Ma torniamo al programma. Il concerto, che prevede l’esecuzione di sinfonie, arie e brani di opera lirica, è diviso in due parti: una prima sezione che presenta brani sinfonici o comunque musiche interpretate solo dall’orchestra, e una seconda sezione che invece è incentrata su brani d’opera lirica. Dove sono presenti, oltre all’orchestra, il coro del teatro e cantanti solisti. Tradizionalmente il concerto si conclude con due brani fissi: il coro del Va, pensiero dal Nabucco di Giuseppe Verdi e il celebre brindisi Libiamo ne’ lieti calici tratto dalla Traviata di Verdi.
La danza, come sempre, è un elemento degno di grande considerazione all’interno della kermesse veneziana. In questo passaggio d’anno sarà Eleonora Abbagnato, étoile internazionale e direttrice del Ballo a Roma, con Friedemann Vogel (étoile del Balletto di Stoccarda) e il corpo di ballo del Teatro dell’Opera di Roma, a danzare le coreografie di Diego Tortelli, Firma i costumi Laura Biagiotti.
Dove vedere e ascoltare il Concerto di Capodanno di Venezia
Il programma musicale, operistico e le coreografie, registrate al Museo di Palazzo Grimani e negli spazi della Biennale Architettura, saranno trasmesse nella diretta televisiva di Rai1 giovedì 1 gennaio a partire dalle ore 11.15, saranno riproposti in differita su Rai5 alle ore 21.20 e poi su Rai5 mercoledì 3 gennaio 2026 alle ore 8.00.
Mentre il concerto di giovedì 1 gennaio 2026 sarà trasmesso in versione integrale su Rai Radio3 giovedì 1 gennaio 2026 alle ore 20.30.
Il programma nel dettaglio
Nella prima parte Michele Mariotti dirigerà l’Orchestra del Teatro La Fenice nell’esecuzione di sinfonie e intermezzi orchestrali tratti dal repertorio lirico, pagine di sicura presa sul pubblico: dalla sinfonia della Semiramide di Gioachino Rossini a quella dalla Norma di Bellini; dall’intermezzo del Sogno di Ratcliff dal Guglielmo Ratcliff di Pietro Mascagni all’impetuosa Tregenda dalla prima opera pucciniana, Le Villi; dalla sinfonia del Don Pasquale di Gaetano Donizetti alla Sinfonia dai Vespri siciliani di Giuseppe Verdi.
La seconda parte vedrà impegnati anche i solisti, il soprano Rosa Feola e il tenore Jonathan Tetelman, insieme con il Coro del Teatro La Fenice istruito da Alfonso Caiani. Si aprirà con l’interpretazione del coro “Feste! Pane! Feste!” dalla Gioconda di Amilcare Ponchielli, con Emanuele Pedrini interprete di Barnaba; mentre dopo la Barcarola dal Silvano di Mascagni, i solisti si esibiranno in due emozionanti brani di bravura: Rosa Feola eseguirà “Sombre forêt”, l’aria di Matilde dal secondo atto del Guglielmo Tell di Rossini. Jonathan Tetelman canterà invece “Cielo e mar”, l’aria di Enzo Grimaldo sempre dalla Gioconda di Ponchielli.

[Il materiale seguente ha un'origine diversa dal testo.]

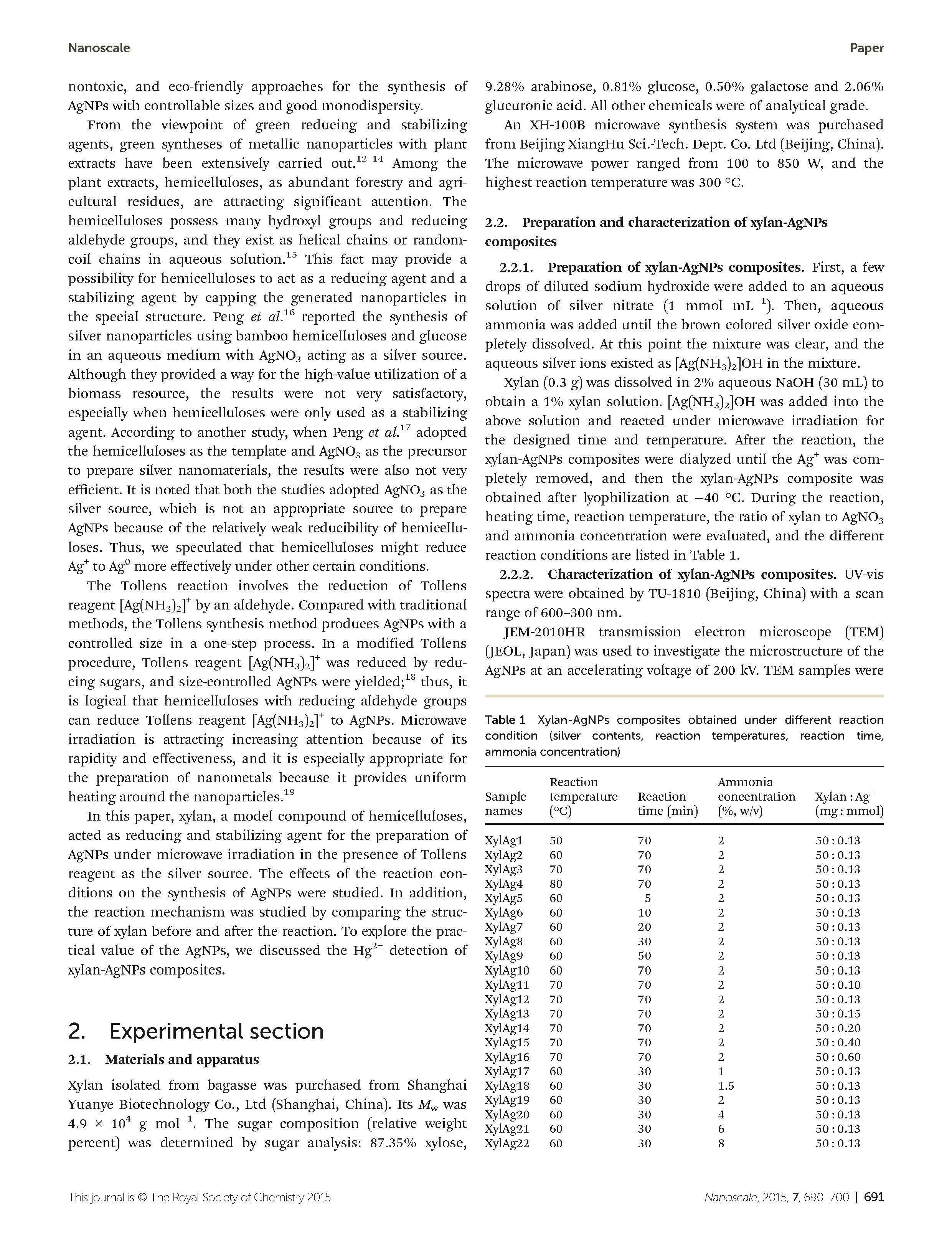 本文報(bào)告了一種簡便、綠色的制備高穩(wěn)定均勻分布的銀納米粒子(AgNPs)的方法,在微波輻射下,以生物高分子木聚糖為穩(wěn)定還原劑,通過托倫反應(yīng)制備了高穩(wěn)定均勻分布的銀納米粒子(AgNPs)。為了優(yōu)化反應(yīng)條件,對不同的反應(yīng)變量進(jìn)行了評價(jià)。

Seguiranno due numeri tratti dal catalogo di Giacomo Puccini: dalla Butterfly il suggestivo ‘coro a bocca chiusa’, dalla Bohème il ‘romantico’ duetto di Mimì e Rodolfo “O soave fanciulla”. L’intermezzo di Cavalleria rusticana di Mascagni introdurrà al gran finale del programma con brani che non hanno forse bisogno di alcuna presentazione: “Nessun dorma” dalla Turandot di Puccini; e poi “Va, pensiero, sull’ali dorate” dal Nabucco di Verdi.
Infine il brindisi “Libiam ne’ lieti calici” dalla Traviata di Verdi. Per brindare al 2026 sotto il segno di un’arte universale, che unisce, emoziona invita alla condivisione.